Superman is more than a comic book hero; he is a cultural icon and a philosophical provocation. His dual identity—Kal-El of Krypton and Clark Kent of Kansas—positions him as both alien and neighbor, a paradox of strength and humility, cosmic power and earthly empathy. While many heroes derive their significance from their origin stories, Superman’s narrative invites a deeper question: what makes someone human? Is it biology, experience, morality, or choice? This question sits at the heart of the Superman mythos and echoes through philosophy, theology, and political ethics. Superman is not merely a savior in tights; he is a mirror held up to humanity, asking us what kind of people we want to be—and what we expect from those with power.

In the shadow of godlike strength lies an equally godlike responsibility. The beauty of Superman is not his ability to overpower enemies, but his refusal to use that power selfishly. Despite being invulnerable, he consistently chooses vulnerability—living among humans, working a mundane job, and acting with humility. His humanity is not an accident of nurture, nor is it a façade; it is a deliberate posture. Like Kierkegaard’s existential self, Superman chooses to be who he becomes. In this, he subverts the Nietzschean Übermensch not by transcending morality, but by embodying it. He reveals that the highest strength lies in restraint, that real power is measured not in what one can do, but in what one chooses not to do.

Yet this narrative is not uncontested. Modern portrayals of Superman invert his mythos, speculating on darker, more cynical possibilities: what if Superman were not good? Stories like Injustice, The Boys, and Brightburn explore versions of Superman who lack moral formation, raising urgent questions about the ethics of power and the foundations of justice. These dystopian variants expose a cultural anxiety: that power inevitably corrupts unless rooted in virtue. They also ask an unsettling question about human nature itself—if we had that kind of power, would we do any better? These narratives challenge us to consider whether Superman’s virtue is believable, or whether it’s a fragile fiction we tell ourselves to mask our fears.
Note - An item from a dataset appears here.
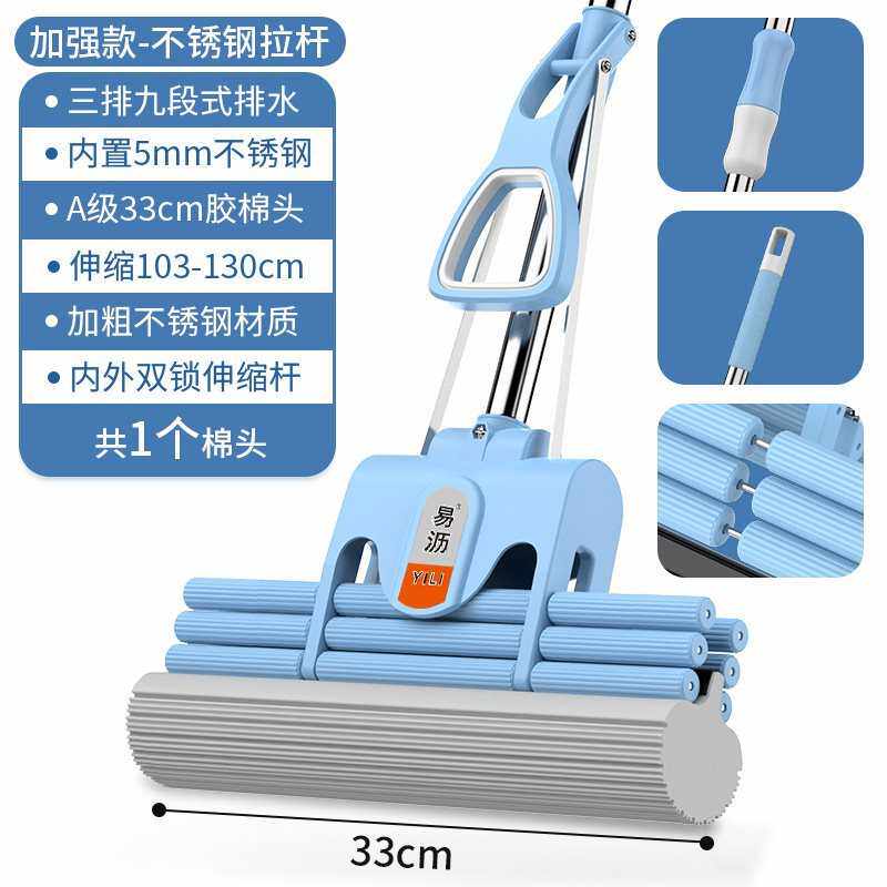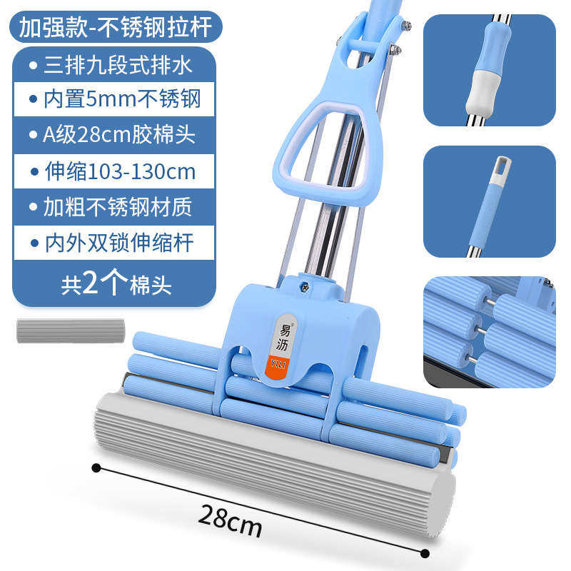 📚 免拖把结实胶^不锈钢手加粗滚轮式地m洗棉海绵耐用家用吸水头

But perhaps the more important question is not whether Superman could become evil, but why he doesn’t. What keeps Clark Kent from becoming Homelander? The answer lies not in his Kryptonian DNA, but in his moral imagination—shaped by his upbringing, choices, and empathetic vision of the world. Superman is not good because he must be, but because he chooses to be. His goodness is not imposed from outside but arises from within, through the tension of his dual identity and the suffering he willingly shares. In a world where power often erodes virtue, Superman remains compelling because he reverses the formula: his virtue restrains his power. In this, he stands as a symbol not only of hope but of ethical aspiration.

The Man from Krypton

Though Superman is biologically Kryptonian, he is existentially human. Born Kal-El but raised Clark Kent, his identity is formed not by his DNA but by his lived experience among humanity. Unlike J’onn J’onzz, the Martian Manhunter, who maintains emotional detachment and mourns a lost Martian culture, Clark’s consciousness and moral imagination are molded in the fields of Smallville, under the watchful eyes of Jonathan and Martha Kent. While J’onn remembers his alien heritage and grieves its extinction, Clark forgets Krypton entirely until later in life. What separates them is not biology but formation—Clark's humanity is not given, it is cultivated. As Søren Kierkegaard once wrote, “The self is a relation that relates itself to itself,” and in Clark, we see a being who consciously chooses to relate to humanity not out of obligation, but identity.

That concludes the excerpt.